4. The Role of Epimutations in Tumorigenesis and Heritability of Cancer

Epigenetic aberrations represent an emerging mechanism that plays a pivotal role in carcinogenesis. The term epimutation [41] describes the altered epigenetic marks that, similar to genetic mutations, result in transcriptional silencing of active genes or activation of silent genes, thus affecting every stage of tumorigenesis.

Epimutations include primary epimutations (such as promoter methylation) where no DNA alterations are detected, and secondary epimutations, occurring in concert with (and caused by) a local cis-acting DNA alterations [42]. Inheritable epimutations occur at the parental germline level and are often linked to cis-acting genetic mutations. Epimutations due to germline variants are widely distributed in all normal somatic tissues. Constitutional epimutations are epigenetic abnormalities arising in early stages of embryonic development and result in a mosaic of both mitotically and meiotically heritable changes. Somatic (de novo) epimutations accumulate in somatic cells in response to environmental stresses and/or ageing. In cancer-affected individuals, epigenetic abnormalities can be selectively found in tumor cells or detected in preneoplastic lesions as well in macroscopically normal tissues adjacent to or within the same organ as the tumor site. The detection of cancer-related somatic epitypes in normal tissues strongly suggests that some epigenetic alterations are acquired prior to carcinogenesis. Somatic epitypes have also been observed in cancer-free individuals and associated with ageing [42]. Environmental factors, including DNA damaging agents, such as ROS (reactive oxygen species), are implicated in these mechanisms. In particular, oxidative damage can target various complexes containing DNA methyltransferases along with the histone deacetylase SIRT1 and Polycomb members (histone methyltransferases) to the promoter-associated CGIs [43].

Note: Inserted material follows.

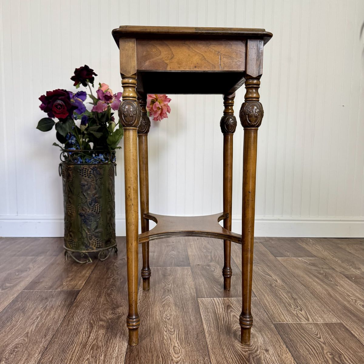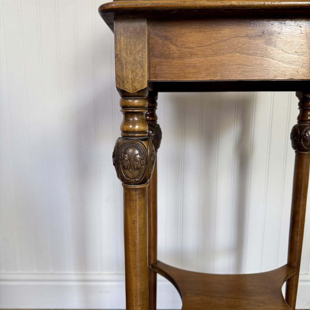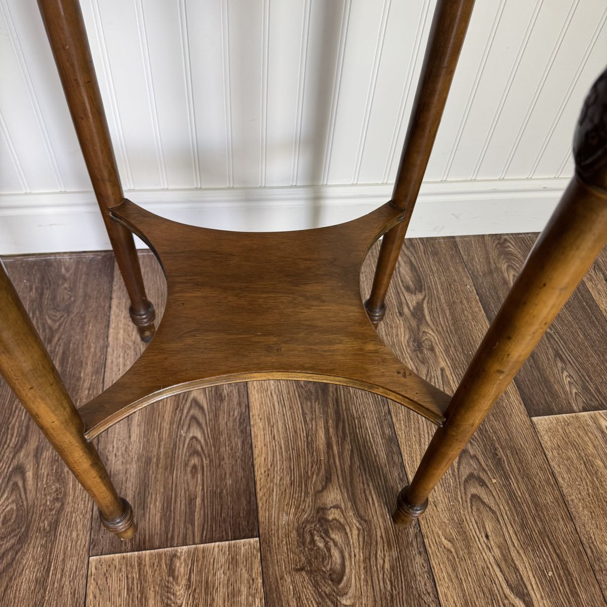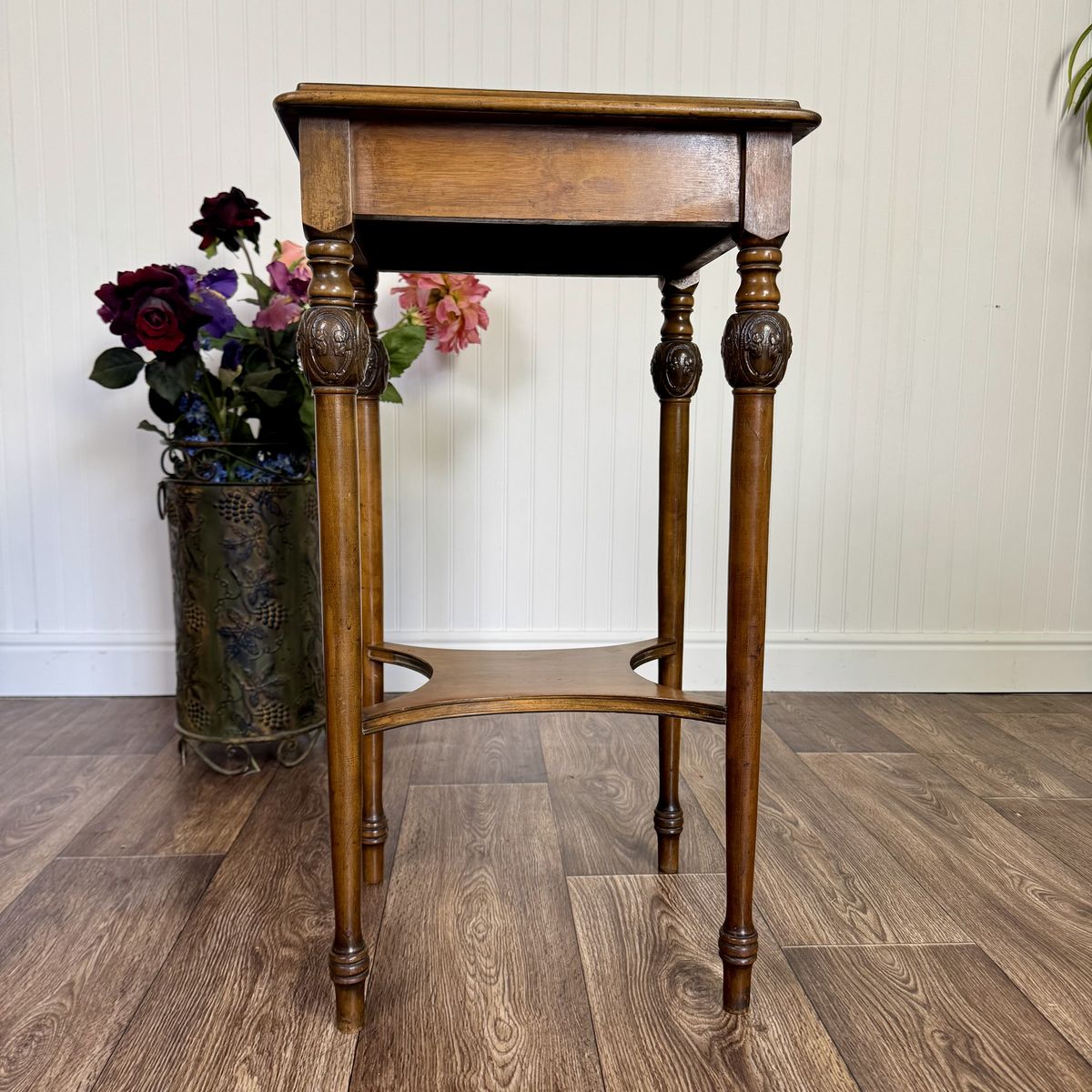 VenmoVintage carved wood plant stand featuring turned legs, carved medallion details, and a warm walnut finish that works beautifully in traditional, vintage, or eclectic interiors.
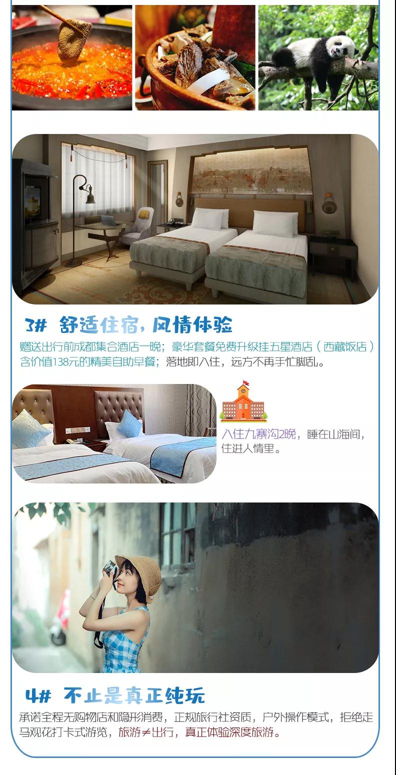 住宿:含4晚住宿;舒適標(biāo)準(zhǔn)全程準(zhǔn)四酒店;豪華標(biāo)準(zhǔn)全程準(zhǔn)五酒店,免費(fèi)升級(jí)2晚成都掛五星酒店。參考酒店如下:

Somatic epimutations can participate to cancer initiation or contribute to cancer progression by activating oncogenes and prometastatic genes and/or by inactivating growth-inhibitory genes or key TSGs. Silencing of TSGs by de novo aberrant promoter DNA hypermethylation is an early oncogenic event that contributes to clonal expansion of the preneoplastic cell populations and precedes the onset of malignant growth. Epigenetic abnormalities can also represent secondary consequence of neoplastic transformation due to somatic genetic mutations hitting some epigenetic regulator(s). Germline and constitutional epimutations can precede and predispose to cancer development and/or represent a tumor-initiating event. Therefore, constitutional and germline epimutations provide an alternative mechanism to genetic mutation for cancer predisposition and inheritability, thus contributing to the individual cancer susceptibility. However, evidence linking epimutations to cancer risk has been reported for a limited number of genes [42].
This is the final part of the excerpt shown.